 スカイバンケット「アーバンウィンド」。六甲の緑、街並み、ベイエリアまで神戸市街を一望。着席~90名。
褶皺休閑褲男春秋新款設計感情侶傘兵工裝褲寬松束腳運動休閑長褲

---

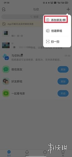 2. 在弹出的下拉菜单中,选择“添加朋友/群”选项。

▶ [Task goal]: The required answer is the run of lines above, starting at the line with "スカイバンケット「アーバンウ" and ending at the line with "褶皺休閑褲男春秋新款設計感情侶傘兵工裝褲寬松束腳運動休閑長褲", reproduced exactly with both ends.

▶ [Completed exercise]:
 スカイバンケット「アーバンウィンド」。六甲の緑、街並み、ベイエリアまで神戸市街を一望。着席~90名。
褶皺休閑褲男春秋新款設計感情侶傘兵工裝褲寬松束腳運動休閑長褲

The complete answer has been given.